Уже взрослым Толкин пришел к убеждению, что его стремление к лингвистическому творчеству схоже с ощущениями многих школьников. Во время беседы об искусственных языках он как-то заметил: "Видите ли, это не такое уж необычное явление. Огромнейшее количество детей обладает тем, что вы называете творческой жилкой; это обычно поощряется и не обязательно ограничивается чем-то определенным: они могут не желать заниматься живописью, или рисованием, или музыкой в большом объеме, но, тем не менее, как-то творить они хотят. И коль скоро образование в основной массе лингвистическое, то и творчество приобретает лингвистическую форму. Это вовсе не из ряда вон выходящее событие. Я подумал однажды, что надо бы провести здесь организованное научное исследование'.
Когда юный Рональд засел впервые за работу по созданию языка на регулярной основе, он решил использовать реальный язык в качестве модели или хотя бы исходного пункта. Валлийский он не знал достаточно хорошо, и потому обратился к другому излюбленному источнику слов: собранию испанских книг в комнате отца Фрэнсиса. Его опекун свободно говорил по-испански, и Рональд часто просил обучить его языку, но из этого ничего не вышло. Однако право рыться в книгах было получено. Теперь Рональд проглядывал их заново и начал работать над искусственным языком, который назвал "наффарским". В нем очень чувствовалось влияние испанского, но была собственная система фонетики и грамматики. Рональд трудился неустанно и мог продвинуться дальше, если бы не наткнулся на язык, завороживший его еще более, чем испанский.

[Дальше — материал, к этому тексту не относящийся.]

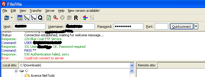 If you are attached to a corporate or an enterprise network and connect to internet from behind a BlueCoat proxy which proxies FTP connections then FileZilla FTP client needs needs to be configured accordingly to get it work properly. There is an FTP proxy configuration and a Generic Proxy configuration that can be set in FileZilla client.
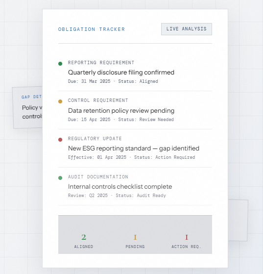 Manually reviewing, cross-checking, and tracking obligations across these documents is time-consuming and increases the risk of oversight. When regulations evolve, the pressure to stay aligned becomes even greater.
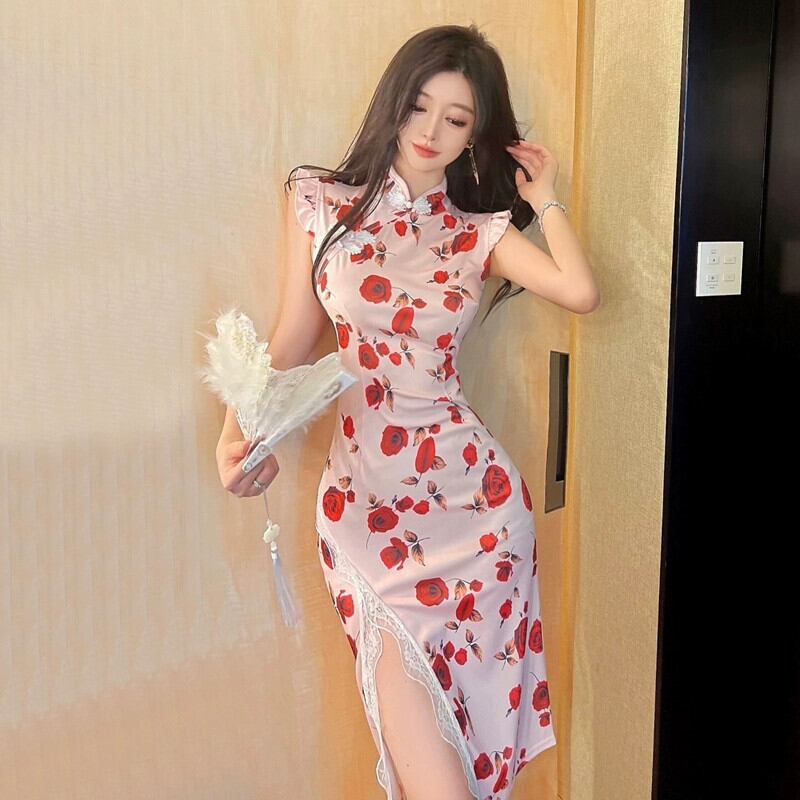 チャイナドレス改良された女性の2022年夏の新しいスタイルの若いスタイルのハイエンドのセクシーなノースリーブミッドレングスドレス サマー 夏物 yeyij96152326540
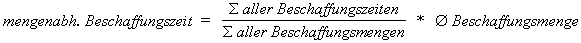 Die durchschnittliche mengenabhängige Beschaffungszeit wird etwas anders berechnet als die durchschnittliche mengenunabhängige Beschaffungszeit.
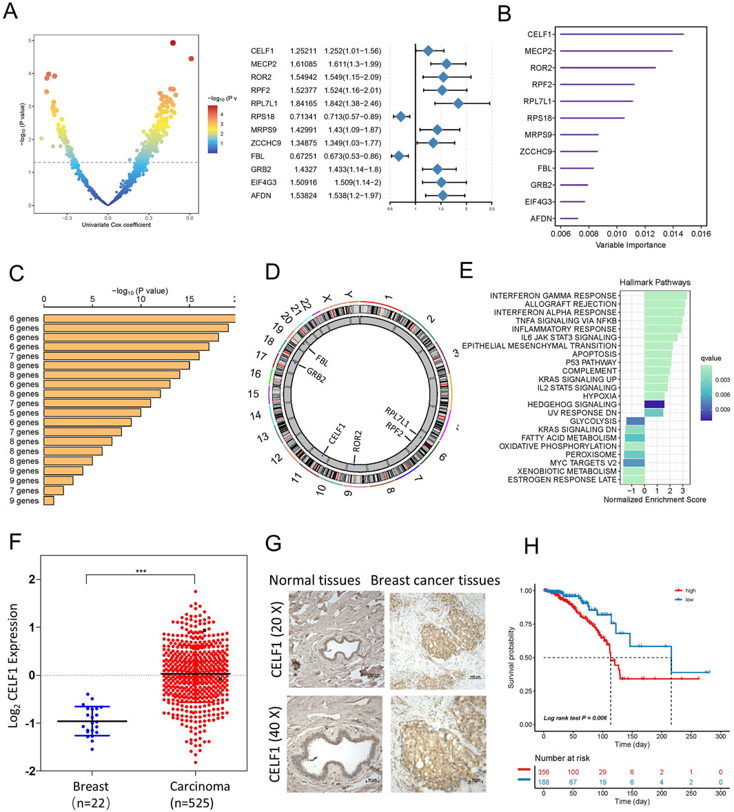 Figure 2. Identification of candidate RBP-responsive genes, along with CELF1 upregulation in breast cancer within a specific landscape of RBPs. (A) Left, volcano plot of univariable Cox analysis for RBPs in TCGA-BRCA [log2(HR) vs. −log10(P), BH adjusted]. Right, forest plot for the 12 top-ranked RBPs (HR with 95% CI; Wald test P). (B) A total of 12 genes were selected through random survival forest analysis. (C) Conducting Kaplan–Meier analysis on 212–1 = 4,095 combinations, the top 20 signatures were organized according to their p-values. Among these signatures, six genes were selected for having a relatively large −log10 p-value and a small gene count. (D) The location of CNV alteration of six selected RBPs on 23 chromosomes using the TCGA-BRCA cohort. (E) Enrichment of Hallmark gene sets for genes that decrease in importance as CELF1 gene effect levels increase in a DepMap analysis. (F) Expression of CELF1 in TCGA-BRCA tumors vs. adjacent normal (UCSC Xena; overall comparison). The median and interquartile range are depicted by black lines in each group ***p < 0.001. (G) Immunohistochemical technique was employed to assess the expression levels of CELF1 in both breast carcinomas and adjacent noncancerous tissues. (H) Kaplan–Meier analysis on overall survival among luminal A breast cancer patients, categorizing samples into high- and low-CELF1 expression groups, with p-values derived from log-rank testing.
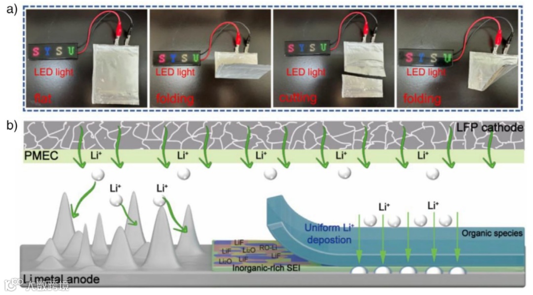 近日,中山大学材料科学与工程学院张鹏课题组从橡胶轮胎的耐久性和多级结构中获得灵感,设计并制备了一种新型自适应固态弹性电解质(PMEC)。该电解质模仿轮胎“软橡胶基质+液体增塑剂+刚性增强网格”的复合结构,通过将深共晶电解质(DEE)均匀嵌入化学交联的聚合物网络中,并引入聚乙烯(PE)多孔骨架增强,成功实现了高离子电导率(30°C下2.37 mS cm⁻¹)、高锂离子迁移数(0.64)、优异弹性(拉伸应变187%)和强界面粘附力(36.34 J m⁻²)的协同提升。基于PMEC组装的对称电池可稳定循环超过2000小时,与LiFePO₄正极匹配的全电池在0.5C下循环800次后容量保持率超过88%,并在切割、弯曲等机械滥用下仍保持正常工作。
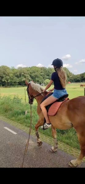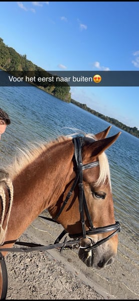 Balou is een 8-jarige ruin van 1.60m, afkomstig uit Hongarije en sinds begin 2023 in Nederland. Over Balou: Balou is een echte werker en laat zien dat hij graag wilt. Hij heeft nog weinig ervaring en heeft dus nog wat begeleiding nodig. Hij gaat goed op veel afwisseling. Elke dag rijden in de bak is hij na een tijdje beu. Af en toe een sprongetje maken vindt hij ook leuk. Hij is nog nooit naar buiten geweest en dus ook niet verkeersmak. Onze buitenbak en longeercirkel staat aan de weg. Maar wanneer er auto’s, fietsers of groot verkeer langskomen kijkt hij er nauwelijks van op. Begin oktober 2025 zijn we met hem voor het eerst aan de hand naar het strandje geweest (500m lopen van stal). We zijn maar 15 min weggeweest maar was voor hem lang genoeg. Hij vond het erg spannend maar het ging wel heel erg goed. Omdat we alleen tussen oktober en april op het strand mogen met honden en paarden was het ook heel druk met loslopende honden. Hierdoor bouwde hij wel veel spanning op. Hij luistert naar zijn naam en komt naar je toe lopen als je hem roept. Ook met longeren gaat hij goed op je stem en reageert op de commando’s. Karakter: Balou is een echte persoonlijkheid. Een knuffelkont die graag contact zoekt en zich soms letterlijk tegen je aan komt hangen. Balou is niet geschikt voor kinderen of beginnende ruiters, vanwege zijn soms onvoorspelbare gedrag en forse kracht. Aan de hand kan hij uitdagend zijn. Soms loopt hij keurig met je mee, maar op andere momenten trekt hij of gaat hij rennen. Een hengstenketting is daarom echt noodzakelijk. Dit gaat de laatste tijd wel steeds beter en begint hij steeds meer lief achter je aan te lopen. Ook heeft Balou een uniek en grappig trekje: hij vindt het ontzettend leuk als je met zijn tong speelt. Hij kan daar echt van genieten en het werkt vaak ontspannend voor hem. Het zegt veel over zijn nieuwsgierige, soms wat ondeugende karakter. Wat zoekt Balou? Balou heeft een ervaren, consequente ruiter of begeleider nodig die stevig in zijn/haar schoenen staat. Iemand die hem verder wil opleiden, duidelijke grenzen kan stellen en voldoende tijd heeft om met hem te werken. Met de juiste persoon en aanpak kan Balou echt een fijn, werkwillig paard worden. Hij wordt aangeboden voor recreatief gebruik – dus voor iemand die graag ontspannen met zijn paard wil werken, buitenritten wil maken, eventueel aan de slag wil gaan met grondwerk of mennen, maar geen sportambities heeft. maar op zoek is naar een bijzondere pony om rustig en bewust mee aan de slag te gaan. Waarom verkoop ik hem? Met pijn in mijn hart heb ik helaas de beslissing moeten nemen om Balou te verkopen omdat ik merk dat de klik tussen ons weg is. Balou verdient iemand met wie hij die klik wel gaat krijgen, iemand die met frisse energie en liefde met hem verder wil. Iemand die daar de tijd voor heeft en die hem de begeleiding kan geven die hij nodig heeft. Met rijden kent hij de basis maar moet nog goed doorgereden worden om het echt onder de knie te krijgen. Ook denken we dat hij vroeger voor de kar heeft gestaan. Ik denk dat als je dit opnieuw zou oppakken/aanleren dat je er een leuk menpaard van kan maken. Ik zoek een goed huisje voor hem met iemand waar hij verder getraind kan worden. Iemand die daar de tijd, ervaring en geduld voor heeft. Als hij het eenmaal onder de knie heeft dan is het echt een top paard en kan je alles met hem. Extra informatie. - in november 2023 is Balou klinisch en röntgenlogisch goed gekeurd op benen en hoeven. Rapport en foto's zijn aanwezig. Opnieuw keuren is voor eigen kosten. - Balou heeft elk jaar zijn verplichte entingen gehad. - Begin 2024 zijn zijn wolfskiezen getrokken. Oktober 2025 heeft hij weer een gebitbehandeling gehad. Dierenarts gaf aan dat er bij hem weinig hoefde te gebeuren en dat hij prima om de 1,5/2 jaar gedaan hoeft te worden. - elke 8 weken wordt hij bekapt. Hij staat niet op ijzers. - filmpjes van longeren of rijden beschikbaar. - bij de koop van Balou kan je ook spullen overnemen. Waaronder zadel en hoofdstel. We kunnen samen even kijken wat je wilt hebben. - geen stalgebreken. - super lief met andere paarden in de wei.
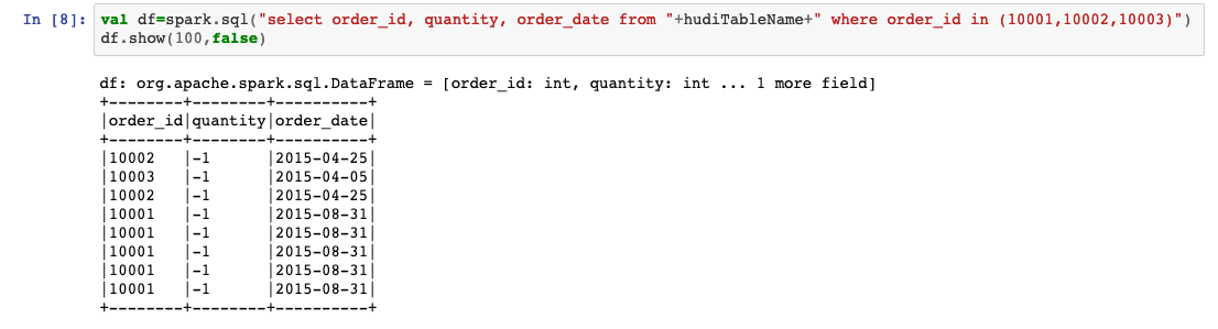 val df=spark.sql("select order_id, quantity, order_date from "+hudiTableName+" where order_id in (10001,10002,10003)")

Один из его школьных приятелей купил на благотворительном базаре книгу, но счел, что она ему не нужна, и продал ее Толкину. Это был "Начальный курс готского языка" Джозефа Райта. Рональд раскрыл ее и тут же испытал "ощущение полнейшего восторга, такого же, когда впервые заглянул в чепменовского "Гомера". Готский язык перестал употребляться в период упадка готов, но письменные отрывки сохранились для будущего, и Толкин решил, что они в высшей степени притягательны. Он не удовлетворился просто чтением, а тут же начал придумывать "новые" готские слова, дабы заполнить пробелы в ограниченном сохранившемся словаре. Отсюда он перешел к созданию исторически не сохранившегося, но предположительно существовавшего германского языка. Свой энтузиазм он передал Кристоферу Уайзмену: тот был благорасположенным слушателем, поскольку сам изучал египетский язык и его иероглифику. Толкин начал также разрабатывать свой искусственный язык "в обратном направлении", то есть устанавливать гипотетические "более ранние" слова, которые он считал необходимым придумать. При этом использовалась организованная "историческая" система. Он работал также над искусственным алфавитом; одна из его записных книжек школьных времен содержала систему символов для каждой буквы английского алфавита. Но языки-то занимали его больше, и в течение многих дней он запирался в комнате, которую делил с Хилари, и, согласно давней дневниковой записи, "плотно занимался моим личным язком".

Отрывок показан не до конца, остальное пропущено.